Data provided below:

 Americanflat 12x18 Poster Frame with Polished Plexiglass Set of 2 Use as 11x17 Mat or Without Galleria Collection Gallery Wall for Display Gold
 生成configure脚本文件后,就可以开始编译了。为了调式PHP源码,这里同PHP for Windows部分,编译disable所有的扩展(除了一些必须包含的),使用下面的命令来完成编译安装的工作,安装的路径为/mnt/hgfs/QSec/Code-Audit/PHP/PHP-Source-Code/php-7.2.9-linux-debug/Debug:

End of Data provided.
Data provided below:

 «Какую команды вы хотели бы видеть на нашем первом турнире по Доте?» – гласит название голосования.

End of Data provided.
Data provided below:

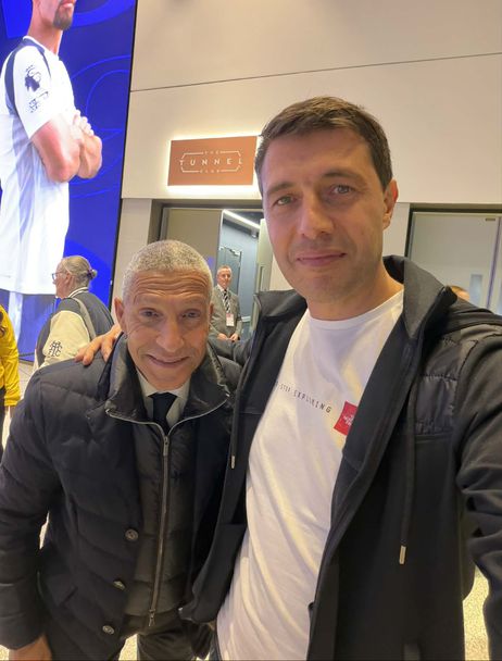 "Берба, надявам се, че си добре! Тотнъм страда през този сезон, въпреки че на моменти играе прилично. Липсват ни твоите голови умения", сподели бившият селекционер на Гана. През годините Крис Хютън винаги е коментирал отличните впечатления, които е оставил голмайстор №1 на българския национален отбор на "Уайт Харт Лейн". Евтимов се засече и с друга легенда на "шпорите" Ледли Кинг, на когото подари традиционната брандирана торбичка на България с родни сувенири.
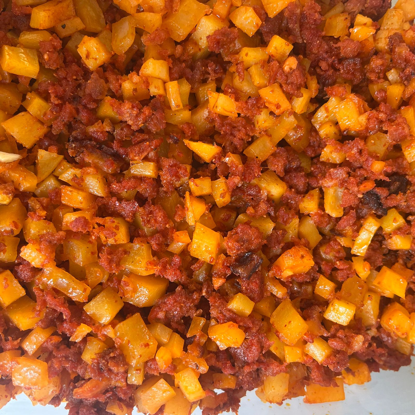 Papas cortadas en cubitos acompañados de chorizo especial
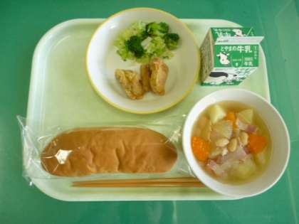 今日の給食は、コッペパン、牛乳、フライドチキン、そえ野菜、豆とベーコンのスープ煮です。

End of Data provided.

Task prompt: Would you give again, exactly, the lines in the data above that run from the line containing "с родни сувенири." to the line containing "今日の給食は、コッペパン、牛"? Include both ends and no pictures.

Solution to the exercise:
 "Берба, надявам се, че си добре! Тотнъм страда през този сезон, въпреки че на моменти играе прилично. Липсват ни твоите голови умения", сподели бившият селекционер на Гана. През годините Крис Хютън винаги е коментирал отличните впечатления, които е оставил голмайстор №1 на българския национален отбор на "Уайт Харт Лейн". Евтимов се засече и с друга легенда на "шпорите" Ледли Кинг, на когото подари традиционната брандирана торбичка на България с родни сувенири.
 Papas cortadas en cubitos acompañados de chorizo especial
 今日の給食は、コッペパン、牛乳、フライドチキン、そえ野菜、豆とベーコンのスープ煮です。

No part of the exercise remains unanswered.